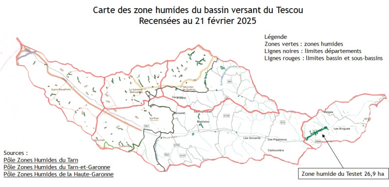 Sur les 138 zones humides recensées sur le bassin du Tescou, d’une surface moyenne de 1 ha, la zone humide du Testet est, de loin, la plus importante avec ses 26,9 ha.
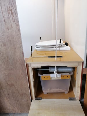 コンポスト基材が入ったコンテナの入れ替えですが、収納箱の側面の扉を開け、コンテナを出します。
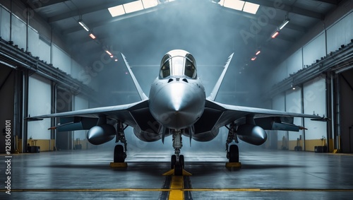 Fighter jet aircraft positioned in an undisclosed hangar with a front view rendering.
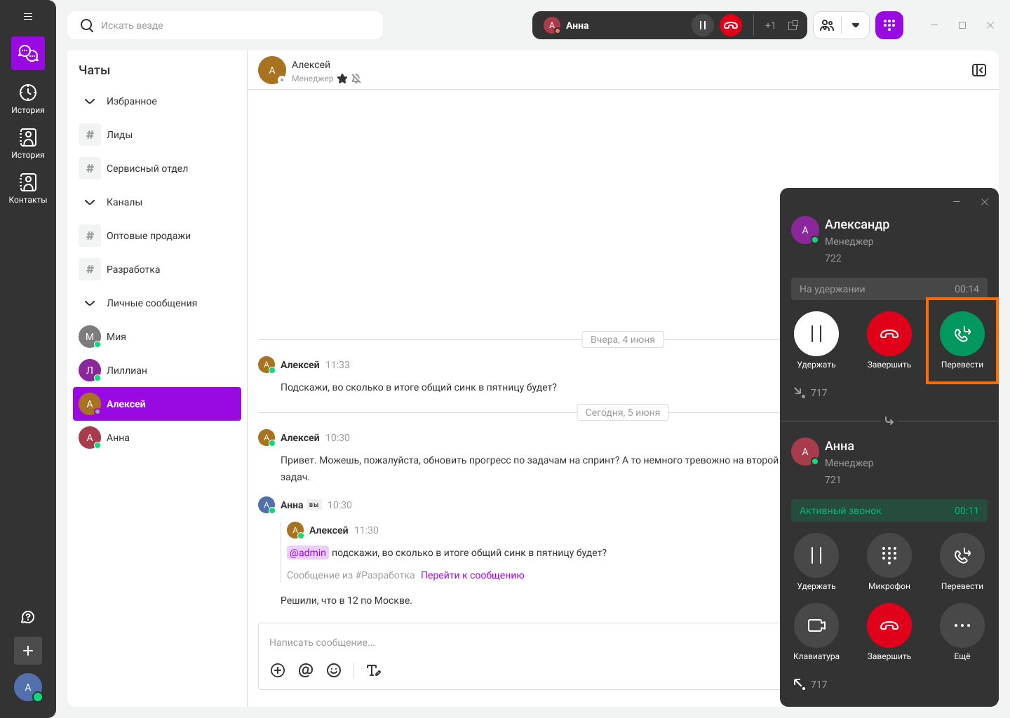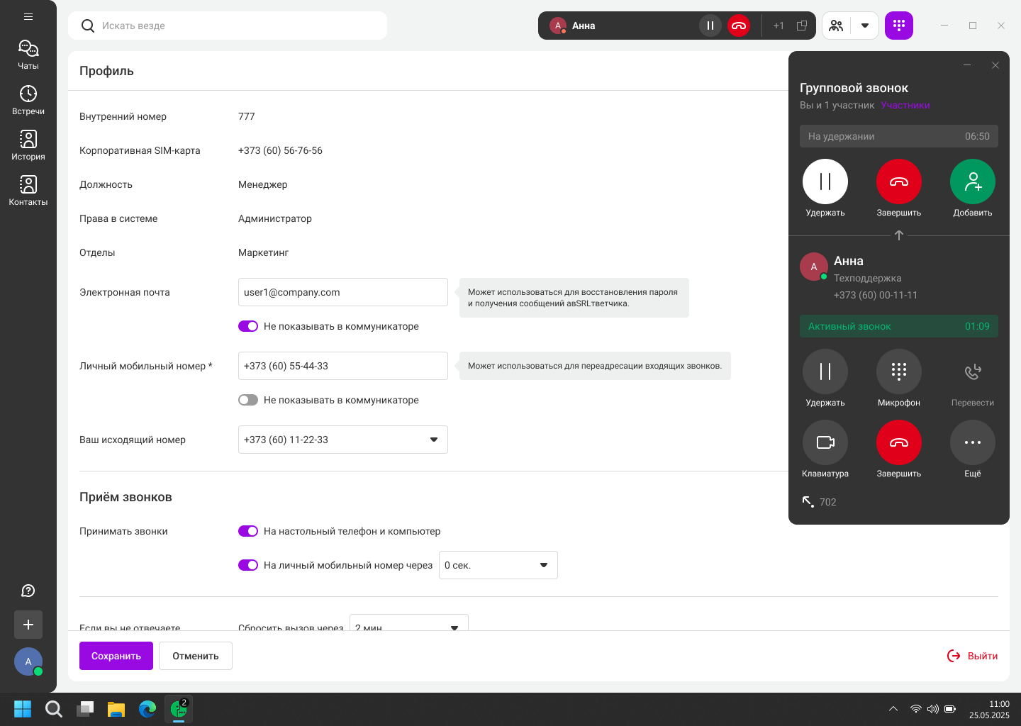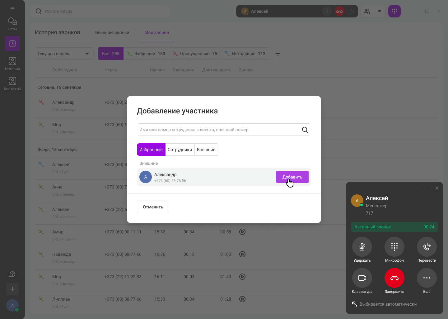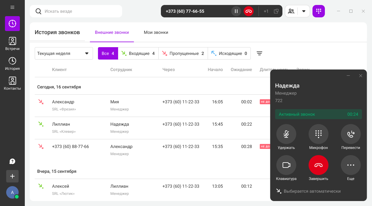 Карточка вызова открывается в отдельном окне, не мешая вам работать с другими приложениями. В карточке звонка доступны все основные функции: удержание, перевод, отключение микрофона, добавление участников в звонок.
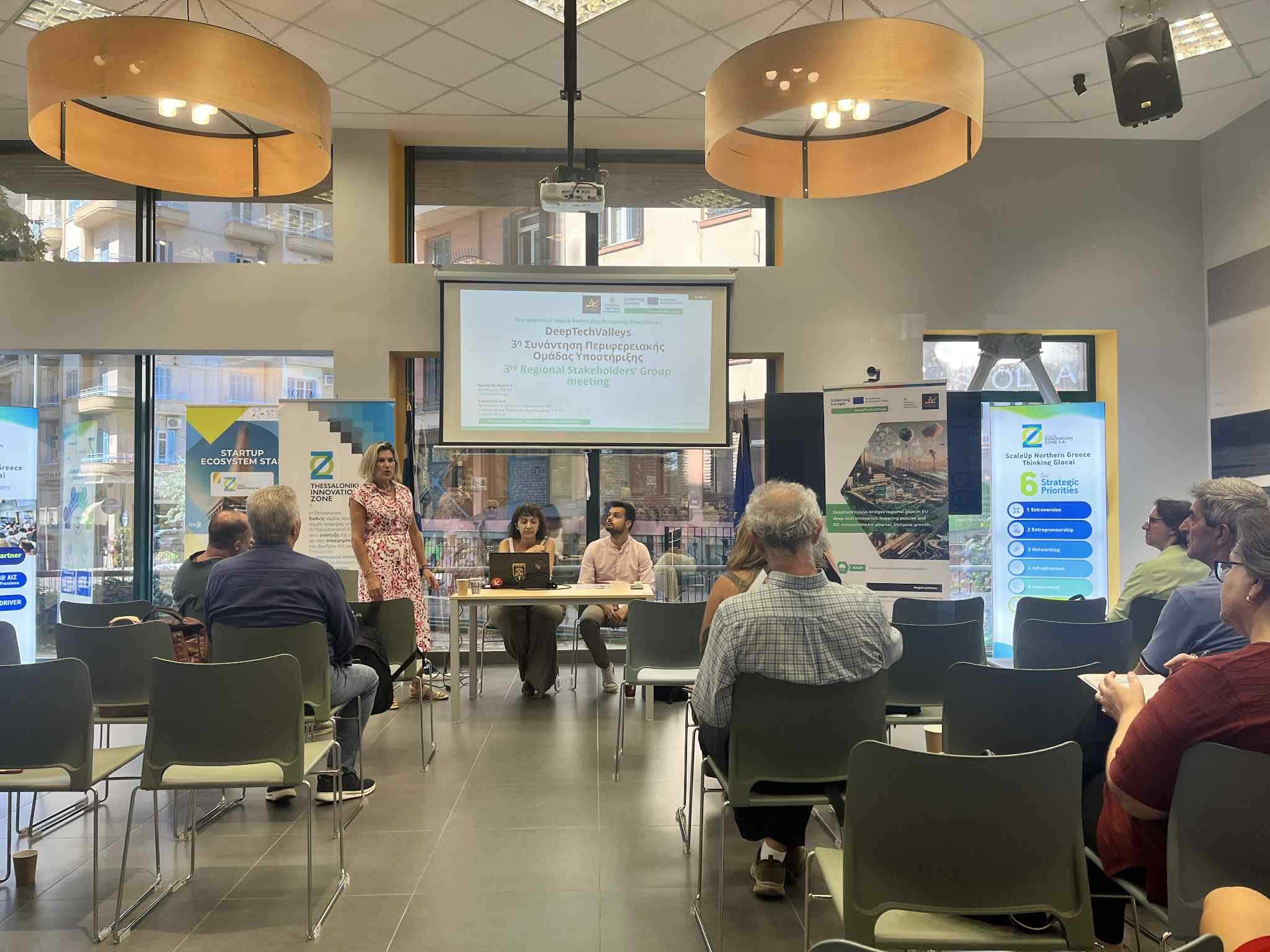 Στη Θεσσαλονίκη, στις εγκαταστάσεις της Αλεξάνδρειας Ζώνης Καινοτομίας (Thessinnozone), πραγματοποιήθηκε η τρίτη συνάντηση της Περιφερειακής Ομάδας Υποστήριξης/Regional Stakeholders’ Group (RSG) του έργου DeepTechValleys.
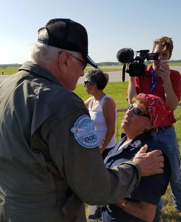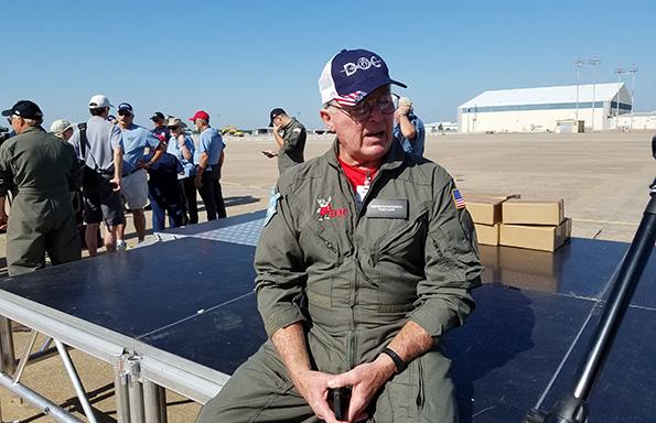 Charlie Tilghman, pilot-in-command, talks with reporters after the flight. He and several other Commemorative Air Force members participated in the flight.
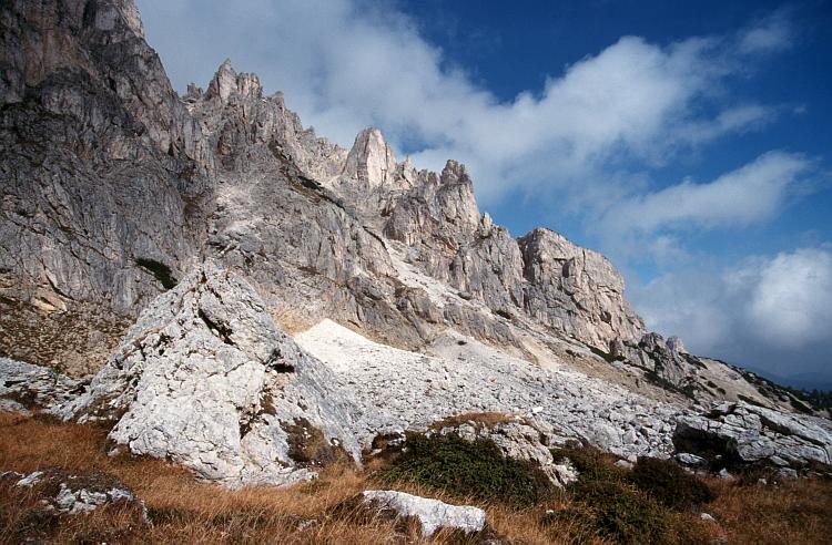 Wild zerklüftete Ostflanke der Ra Gusela (2595 m).
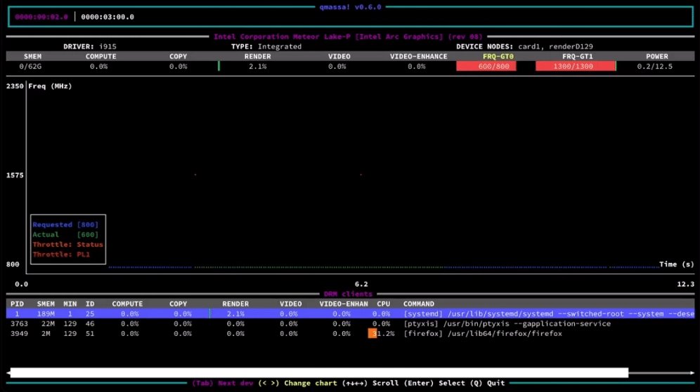 qmassa! je terminálový nástroj určený k zobrazování statistik využití GPU. Poskytuje informace o zařízeních a procesech využívajících GPU. Rozsah zobrazovaných informací lze ovlivnit pomocí parametrů. Většina informací je získávána prostřednictvím souborů v adresářích /proc a /sys nebo pomocí udev, což do určité míry zajišťuje nezávislost na ovladači a konkrétním výrobci GPU.
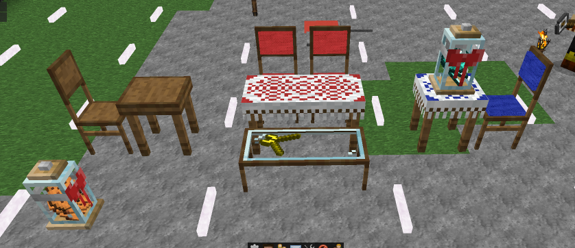 Журнальный столик - пол блока в высоту и 1 или 2 блока размером. В него может быть вставлен любой предмет, который будет отображен лежащим на столе. Не все предметы, которые можно вставить, будут отображаться настоле, если предмет не поддерживается, то игрок увидит вместо него костную муку.
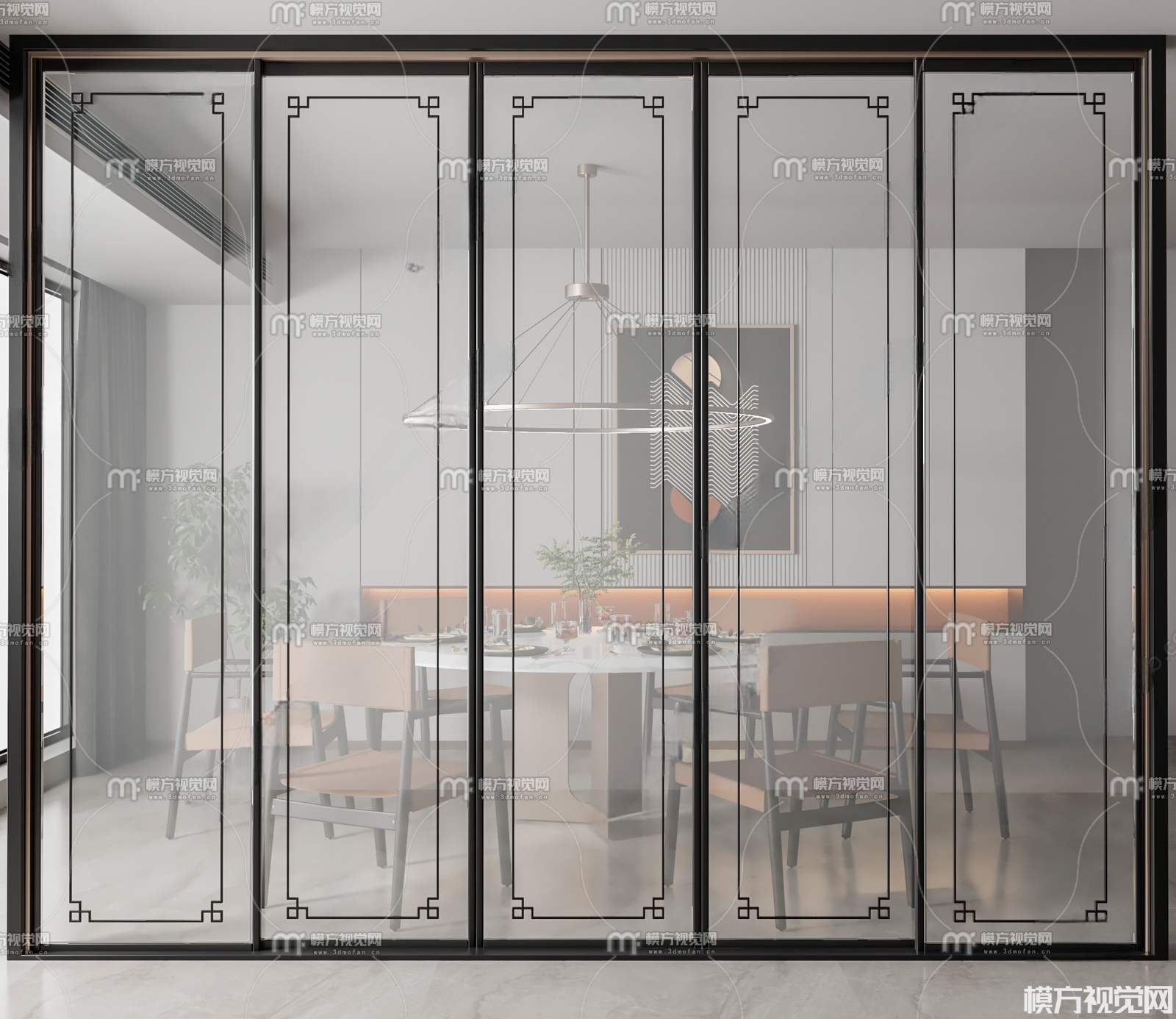新中式玻璃隔断屏风3D模型(ID:0010154)
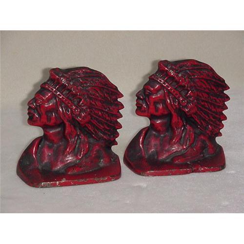 A pair of iron bookends, 5" tall, 5" wide. Modeled as indians in full headdress. Made in the early 20th century and unmarked. A handsome pair and a great addition to a bookend collection. (10)

== == ==

## [ABOUT THIS TASK]
Beginning with the line where "Fighter jet aircraft" appears, reproduce every remaining line of the listing above, the last one included, but none of the pictures.

## [RESULT FOR THIS EXERCISE]
 Fighter jet aircraft positioned in an undisclosed hangar with a front view rendering.
 Карточка вызова открывается в отдельном окне, не мешая вам работать с другими приложениями. В карточке звонка доступны все основные функции: удержание, перевод, отключение микрофона, добавление участников в звонок.
 Στη Θεσσαλονίκη, στις εγκαταστάσεις της Αλεξάνδρειας Ζώνης Καινοτομίας (Thessinnozone), πραγματοποιήθηκε η τρίτη συνάντηση της Περιφερειακής Ομάδας Υποστήριξης/Regional Stakeholders’ Group (RSG) του έργου DeepTechValleys.
 Charlie Tilghman, pilot-in-command, talks with reporters after the flight. He and several other Commemorative Air Force members participated in the flight.
 Wild zerklüftete Ostflanke der Ra Gusela (2595 m).
 qmassa! je terminálový nástroj určený k zobrazování statistik využití GPU. Poskytuje informace o zařízeních a procesech využívajících GPU. Rozsah zobrazovaných informací lze ovlivnit pomocí parametrů. Většina informací je získávána prostřednictvím souborů v adresářích /proc a /sys nebo pomocí udev, což do určité míry zajišťuje nezávislost na ovladači a konkrétním výrobci GPU.
 Журнальный столик - пол блока в высоту и 1 или 2 блока размером. В него может быть вставлен любой предмет, который будет отображен лежащим на столе. Не все предметы, которые можно вставить, будут отображаться настоле, если предмет не поддерживается, то игрок увидит вместо него костную муку.
新中式玻璃隔断屏风3D模型(ID:0010154)
 A pair of iron bookends, 5" tall, 5" wide. Modeled as indians in full headdress. Made in the early 20th century and unmarked. A handsome pair and a great addition to a bookend collection. (10)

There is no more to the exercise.